Life Savers is an American brand of ring-shaped hard candy. Its range of mints and artificial fruit-flavors is known for its distinctive packaging, coming in paper-wrapped aluminum foil rolls.

Candy manufacturer Clarence Crane of Garrettsville, Ohio, (father of the poet Hart Crane) invented the brand in 1912 as a "summer candy" that could withstand heat better than chocolate. The candy's name is derived from its similarity to the shape of life preservers used for saving people who have fallen from boats.

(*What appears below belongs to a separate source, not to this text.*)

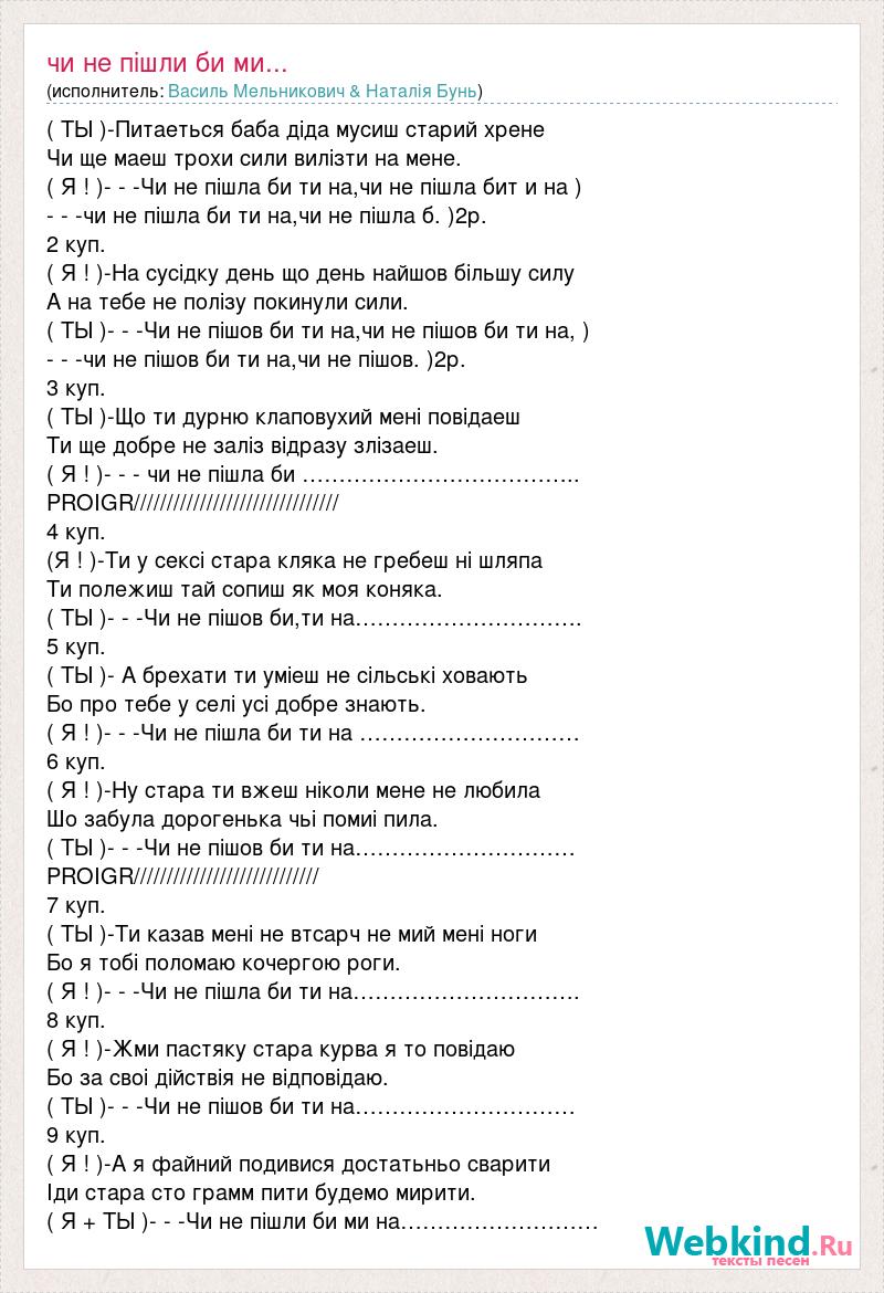 ( ТЫ )-Питаеться баба дiда мусиш старий хрене Чи ще маеш трохи сили вилiзти на мене. ( Я ! )- - -Чи не пiшла би ти на,чи не пiшла бит и на ) - - -чи не пiшла би ти на,чи не пiшла б. )2р. 2 куп. ( Я ! )-На сусiдку день що день найшов бiльшу силу А на тебе не полiзу покинули сили. ( ТЫ )- - -Чи не пiшов би ти на,чи не пiшов би ти на, ) - - -чи не пiшов би ти на,чи не пiшов. )2р. 3 куп. ( ТЫ )-Що ти дурню клаповухий менi повiдаеш Ти ще добре не залiз вiдразу злiзаеш. ( Я ! )- - - чи не пiшла би ……………………………….. PROIGR/////////////////////////////// 4 куп. (Я ! )-Ти у сексi стара кляка не гребеш нi шляпа Ти полежиш тай сопиш як моя коняка. ( ТЫ )- - -Чи не пiшов би,ти на…………………………. 5 куп. ( ТЫ )- А брехати ти умiеш не сiльськi ховають Бо про тебе у селi усi добре знають. ( Я ! )- - -Чи не пiшла би ти на ………………………… 6 куп. ( Я ! )-Ну стара ти вжеш нiколи мене не любила Шо забула дорогенька чьi помиi пила. ( ТЫ )- - -Чи не пiшов би ти на………………………… PROIGR//////////////////////////// 7 куп. ( ТЫ )-Ти казав менi не втсарч не мий менi ноги Бо я тобi поломаю кочергою роги. ( Я ! )- - -Чи не пiшла би ти на…………………………. 8 куп. ( Я ! )-Жми пастяку стара курва я то повiдаю Бо за своi дiйствiя не вiдповiдаю. ( ТЫ )- - -Чи не пiшов би ти на………………………… 9 куп. ( Я ! )-А я файний подивися достатьньо сварити Iди стара сто грамм пити будемо мирити. ( Я + ТЫ )- - -Чи не пiшли би ми на………………………

After registering the trademark, Crane sold the rights to his Pep-O-Mint peppermint candy to Edward John Noble for $2,900. Instead of using cardboard rolls, which were not very successful, Noble created tin-foil wrappers to keep the mints fresh. Noble founded the Life Savers and Candy Company in 1913 and significantly expanded the market for the product by installing Life Savers displays next to the cash registers of restaurants and grocery stores. He also encouraged the owners of the establishments to always give customers a nickel in their change to encourage sales of the $0.05 cent Life Savers. The slogan "Still only 5 cents" helped Life Savers to become a favorite treat for children with a tight allowance. Since then, many different flavors of Life Savers have been produced. The five-flavor roll first appeared in 1935.

A series of mergers and acquisitions by larger companies began in 1956. Life Savers is currently a property of Mars, Incorporated. In recent decades, the brand expanded to include Gummi Savers in 1992, Life Saver Minis in 1996, Creme Savers in 1998, and Life Saver Fusions in 2001. Discontinued varieties include: Fruit Juicers, Holes, Life Saver Lollipops and Squeezit.

Life Savers candy was first created in 1912 by Clarence Crane, a Cleveland, Ohio, candy maker (and father of the famed poet Hart Crane). Crane developed a line of hard mints but did not have the space or machinery to make them. He contracted with a pill manufacturer to press the mints into shape.